Bigger is Sometimes Better
Common Ground: Art in New Mexico at the Albuquerque Museum
By Steven Robert Allen
Pity the permanent collection. Locked away for most of its sad life in a dark, lonely temperature- and humidity-controlled vault, it only rarely gets to feel the warmth of artificial light on its fragile skin.
Thankfully, living conditions for the Albuquerque Museum's permanent collection recently got a whole lot better. Previously, the museum only had the space to exhibit selections from its extensive art collection a few times per year. The museum's recent $8.6 million expansion, however, is well on its way to completion, and it's already given administrators a lot more room to maneuver.
One of the things the museum has already done is transform its old rotating exhibit space into a permanent exhibit made up entirely of work from the its permanent art collection. The show, called Common Ground, charts the development of art in New Mexico from the Territorial Period through the present. Some of these pieces have never been viewed by the public.
The exhibit is meant to correspond with the museum's other major permanent exhibit—Four Centuries: The History of Albuquerque. Like that exhibit, Common Ground doesn't necessarily delve into its subject in any great depth, but it's still a worthwhile survey of recent New Mexican art history.
You can see, for example, how the landscape realism of the Territorial Period (1846-1912) gave way to the more lush, romanticized renderings epitomized by the Taos Society of Artists (1915-27). During this period, Anglo artists became less interested in merely recording the strange, exotic surroundings they found in New Mexico, and more interested in celebrating and exploring this exoticism.
One of their biggest obsessions, of course, was the Pueblo Indians. Oscar Berninghaus' "Pueblo Woman of Taos," the now infamous painting that was stolen back in 1989 from the museum and recovered just a couple years ago, is a prime example. Berninghaus, one of the founders of the Taos Society, captures a young Taos Pueblo woman in the most idyllic romantic setting imaginable.
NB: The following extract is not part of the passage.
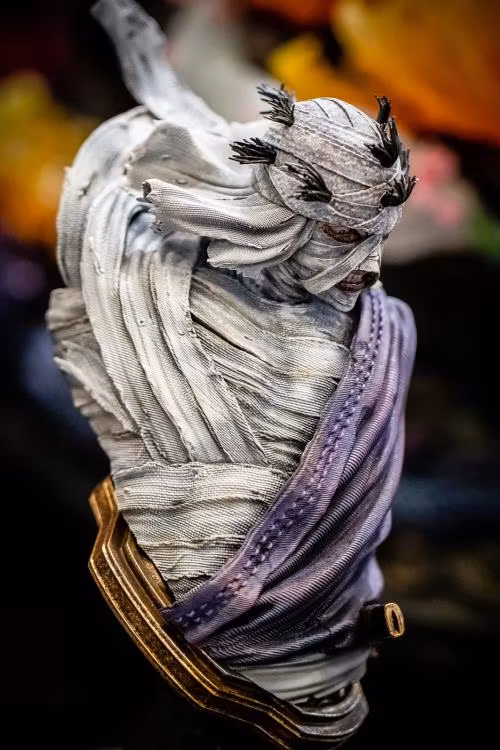 Figurama Collectors främsta samurajverk, Kenshin VS Shishio 25th Anniversary Edition Elite Exclusive, debuterar som världens första Rurouni Kenshin-staty. Detta mästerverk i skala 1/6 innehåller en rekordstor utbytbar torso för Kenshin, skapad under ledning av en professionell kampsportare av kendo och iaido. Kenshins två överkroppar porträtterar honom i hans gudsnabba battojutsu-form och släpper lös sin hemliga ultimata teknik, Amakakeru Ryu no Hirameki; Hans nakna bröst avslöjar Shishios brutala bitmärke och brännskadan som orsakades av hans fiendes krutexplosion på nära håll, Guren Kaina. Shishios Mugenjin katana har en avtagbar brandhylsa, och hans alternativa porträtt skildrar hans raseri och koncentration i stridens hetta. Båda karaktärernas utbytbara delar visas upp på ett unikt ställ med tsuba-vakterna på sina respektive katanas och Kenshins ikoniska X-formade ärr. I enlighet med den legendariska animens mest avgörande strid exploderar Inferno Arena av spänning när Kenshin svingar sin sakabato och släpper lös den uråldriga Hiten Mitsurugi-ryu kenjutsu-stilen mot sin efterträdare. Shishio slår sin gjutna metallkatana, Mugenjin, över marken och tänder på det mänskliga fettet som är indränkt i hans klinga, och förbereder sig för att avrätta den dödliga Homura Dama på Kenshin. Gömd bakom vraket av arenans dörr ligger den trasiga klockan som hålls av Shishios älskarinna, dess nedåtriktade visare symboliserar döden när Shishio pressar sig förbi sin kropps 15-minutersgräns och förtärs av lågorna. Under slagfältet gömmer sig kulturella accenter och detaljer från mangan. Eld och vind, Shishios och Kenshins elementära affiniteter, sveper över basen, med drivande sakura-blommor som hyllar animens motiv och mangans sista kapitel Cherry Blossoms in the Spring Time. En stor drake svävar runt piedestalen etsad med mönster från Edo-perioden, som representerar den våldsamma skönheten i Kenshins hemliga ultimata teknik Amakakeru Ryu no Hirameki och det dödliga vindvakuumet som lämnas i dess kölvatten. Detaljer: - Upplagans storlek: Begränsad till 950 st över hela världen - Storlek: ca 60 x 60 x 55 cm - Äkthetsintyg: signerat av Figurama Collectors VD Mr. Shanab, konceptkonstnär, Daniel Kamarudin, och 3D-konstnär, James W. Cain Inkluderar: Exklusivt konsttryck, 25-årsjubileum guldmärke, två unika bystställ, två kompletta torsos för Kenshin, två porträtt för Shishio, avtagbar brandhylsa för Mugenjin - Material: Polystone, Diecast Metal, PVC - Creative Director: Mr. Shanab / Figurama Collectors Development Team - Konceptkonstnär: Daniel Kamarudin - 3D-konstnär/skulptör: James W. Cain - Färgläggare: Three Eyes Studio

The late teens brought the first inklings of modernism to New Mexico as revolutionary hot shots like John Marin, Raymond Jonson and Georgia O'Keeffe began making their way to New Mexico seeking an environment far outside the mainstream art world to develop new ideas about what contemporary art can and should accomplish. That transfusion of creativity from outside the region eventually blossomed into the vibrant experimental contemporary art scene we enjoy today.
The contemporary section of the show exhibits several of the current big names: Patrick Nagatani, Thomas Barrow, Frederick Hammersley and the like. This modern portion will rotate every year or so to bring in different pieces by other contemporary artists in the museum's collection.
I wish the show were longer and deeper. More Hispanic and Native American artists would certainly be nice. The exhibit never attempts to show how native artistic traditions became integrated into the overall story of artistic development in New Mexico. That's a shame.
For what it is, though, Common Ground is well worth experiencing. Also, don't leave the museum before you check out the giant new space for rotating exhibits. Currently, there's an amazing show of large-scale work by Albuquerque artists that's in some ways even more enjoyable than Common Ground. Don't miss it. The new wing's first official show will be El Alma de España, the first of three planned exhibits of Spanish art. It opens in April.